* [REQUIRED ACTION]
All lines in the records below that hold "Škoda" are to be shown.

* [DATA TO USE]
═══
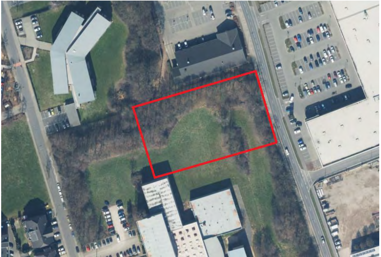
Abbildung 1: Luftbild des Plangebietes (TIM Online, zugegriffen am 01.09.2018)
═══
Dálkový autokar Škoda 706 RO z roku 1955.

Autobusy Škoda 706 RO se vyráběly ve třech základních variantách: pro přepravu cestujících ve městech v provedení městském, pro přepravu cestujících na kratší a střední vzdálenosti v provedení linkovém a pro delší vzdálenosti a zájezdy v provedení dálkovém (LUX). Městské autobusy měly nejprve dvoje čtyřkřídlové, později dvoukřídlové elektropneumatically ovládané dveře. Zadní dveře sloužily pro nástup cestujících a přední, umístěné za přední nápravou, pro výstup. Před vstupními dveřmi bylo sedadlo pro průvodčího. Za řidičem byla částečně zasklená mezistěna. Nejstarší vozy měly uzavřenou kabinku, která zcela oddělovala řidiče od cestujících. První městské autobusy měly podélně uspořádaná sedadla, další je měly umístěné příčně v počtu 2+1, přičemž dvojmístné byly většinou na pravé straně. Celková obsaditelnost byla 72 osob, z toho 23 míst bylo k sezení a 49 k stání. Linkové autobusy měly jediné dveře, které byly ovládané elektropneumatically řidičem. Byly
═══
* [EXERCISE ANSWER]
Dálkový autokar Škoda 706 RO z roku 1955.
Autobusy Škoda 706 RO se vyráběly ve třech základních variantách: pro přepravu cestujících ve městech v provedení městském, pro přepravu cestujících na kratší a střední vzdálenosti v provedení linkovém a pro delší vzdálenosti a zájezdy v provedení dálkovém (LUX). Městské autobusy měly nejprve dvoje čtyřkřídlové, později dvoukřídlové elektropneumatically ovládané dveře. Zadní dveře sloužily pro nástup cestujících a přední, umístěné za přední nápravou, pro výstup. Před vstupními dveřmi bylo sedadlo pro průvodčího. Za řidičem byla částečně zasklená mezistěna. Nejstarší vozy měly uzavřenou kabinku, která zcela oddělovala řidiče od cestujících. První městské autobusy měly podélně uspořádaná sedadla, další je měly umístěné příčně v počtu 2+1, přičemž dvojmístné byly většinou na pravé straně. Celková obsaditelnost byla 72 osob, z toho 23 míst bylo k sezení a 49 k stání. Linkové autobusy měly jediné dveře, které byly ovládané elektropneumatically řidičem. Byly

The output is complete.